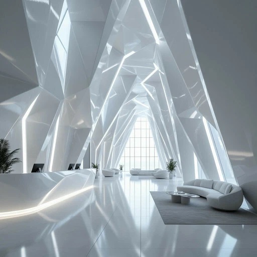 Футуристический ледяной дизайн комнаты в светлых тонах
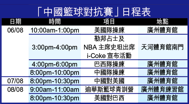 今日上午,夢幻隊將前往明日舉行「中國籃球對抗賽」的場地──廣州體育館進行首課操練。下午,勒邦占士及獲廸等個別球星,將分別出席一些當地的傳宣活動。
++++++++
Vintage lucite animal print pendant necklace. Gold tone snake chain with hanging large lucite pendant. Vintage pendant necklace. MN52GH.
++++++++
What to do - Pictures in the entries do not go into the copy. Print only the lines starting at the one containing "Футуристический ледяной дизайн" and ending at the one containing "今日上午,夢幻隊將前往明日舉", exactly as they appear.

The answer -
 Футуристический ледяной дизайн комнаты в светлых тонах
 今日上午,夢幻隊將前往明日舉行「中國籃球對抗賽」的場地──廣州體育館進行首課操練。下午,勒邦占士及獲廸等個別球星,將分別出席一些當地的傳宣活動。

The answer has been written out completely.